The first spoken lines are from Joanna (Hepburn) and Mark (Albert Finney) respectively: "They don't look very happy." "Why should they be? They just got married." After that, we're treated to a series of flashbacks, including how Joanna and Mark first met, their parenthood of a young girl, and (sigh) their mutual adultery. Most of the memories pertain to travels in Europe, primarily France and then Italy.
Lest you think this a more mobile variation on Who's Afraid of Virginia Woolf?, I assure you that the duo spends about half the movie in love or at least close to it. The biggest recurring obstacles are Mark's job, as an architect, putting demands on where and how he spends his time and Joanna's tendency to change her mind about what she wants or is OK with. Other stressors, not always straining the romance, include tight finances, an unreliable jalopy, and rides with an obnoxious family whose spoiled little girl soon goes from cute to Veruca Salt-in-training.
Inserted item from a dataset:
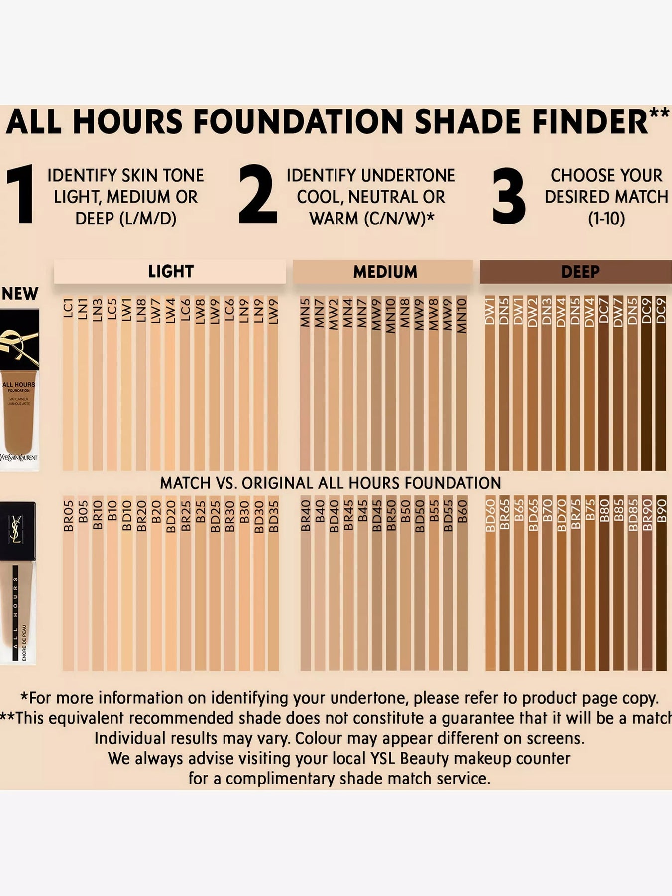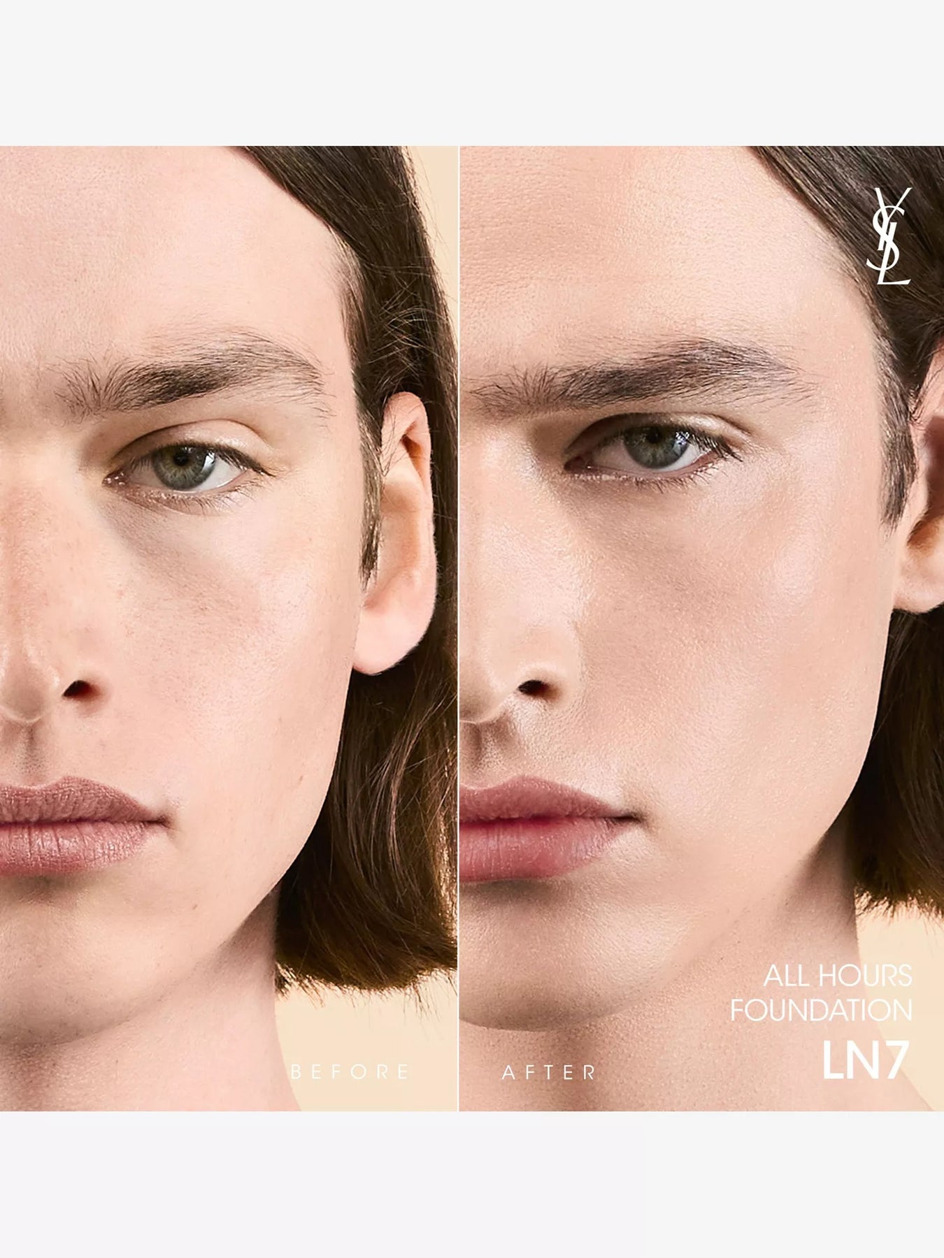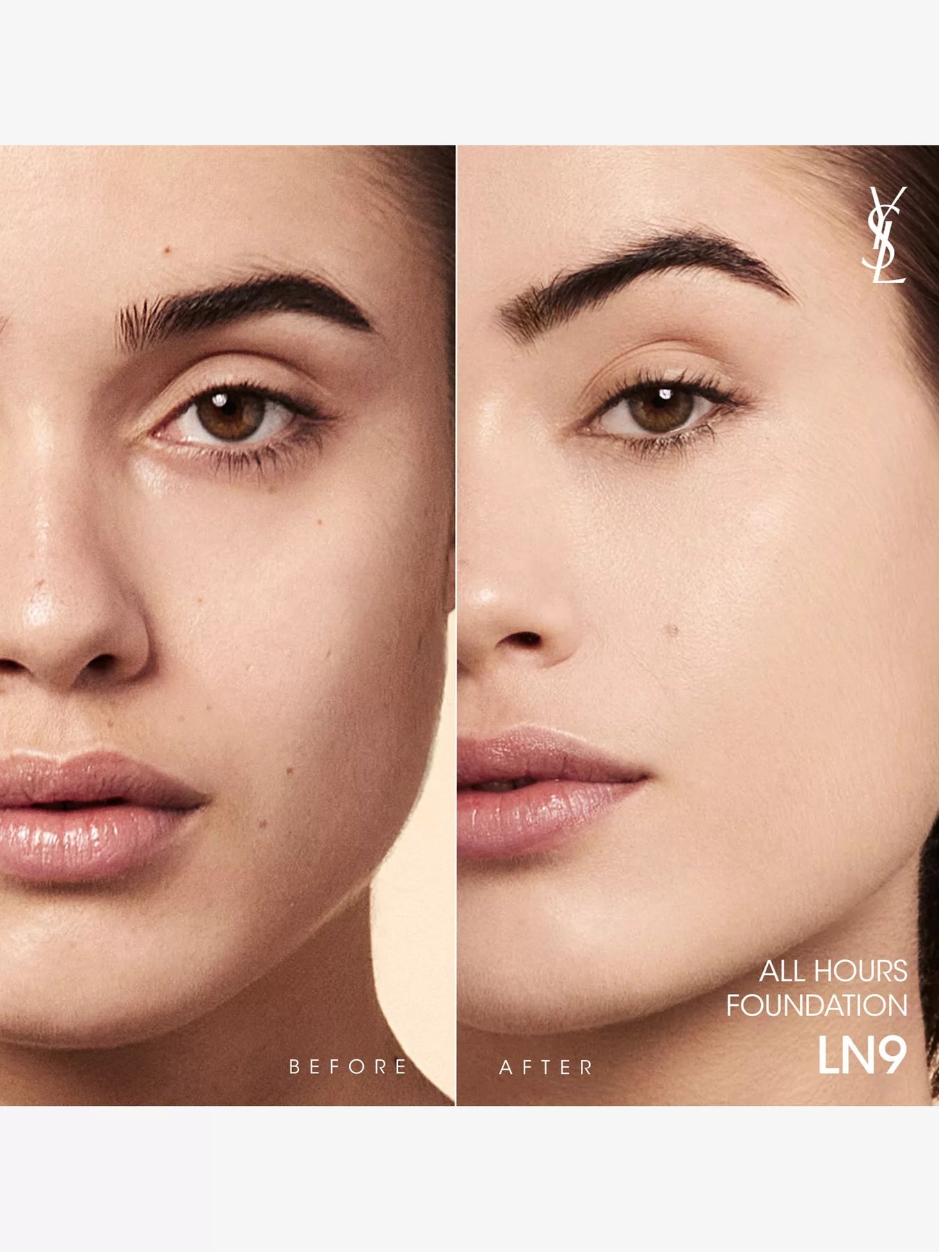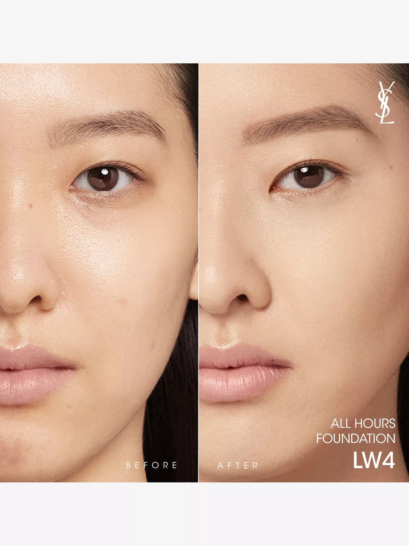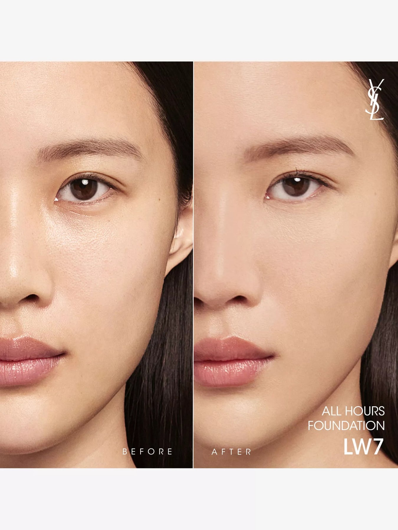 Application: Glide All Hours foundation from the centre of the face outwards to unify the complexion. Using a dabbing gesture, build up coverage where needed.

Truth be told, even the good times of the main relationship tend to show Mark as generally bitter, which may be partly why I got the mistaken impression that he was a bit older. (Hepburn was seven years Finney's senior.) I'm not entirely sure what Joanna initially saw in Mark, but unlike in Journey to Italy, I could understand why they kept reconciling.
To make it all the more of an emotional roller coaster (well, more like an emotional car on a pothole-filled road), the film shows a lot of scenes out of chronological order, timed for extra irony. I had an easier time piecing Memento together. That hardly matters, since the events are largely episodic, but it has a way of making the 111 minutes feel longer. I looked at my watch and was surprised we still had more than a half-hour to go.
Probably the film's greatest strength is in its dialog. Those starting words aren't the only quotable ones. I suspect that this is where we get the wisecrack that the people who sit together without talking are married people. The film got an Oscar nod for story and screenplay written directly for the screen (yeah, that specific category was abandoned long ago).
Other strengths include rare non-musical direction by Stanley Donen and especially musical composition by Henry Mancini. The latter said it was both his most difficult and favorite work. My only complaint is that the theme played during the opening credits sounds like it ought to be sung rather than purely instrumental.
To call it heartwarming is a stretch. Funny? Every so often. But it should be worth watching for a certain visceral relatability that doesn't reach the excesses of The Out-of-Towners.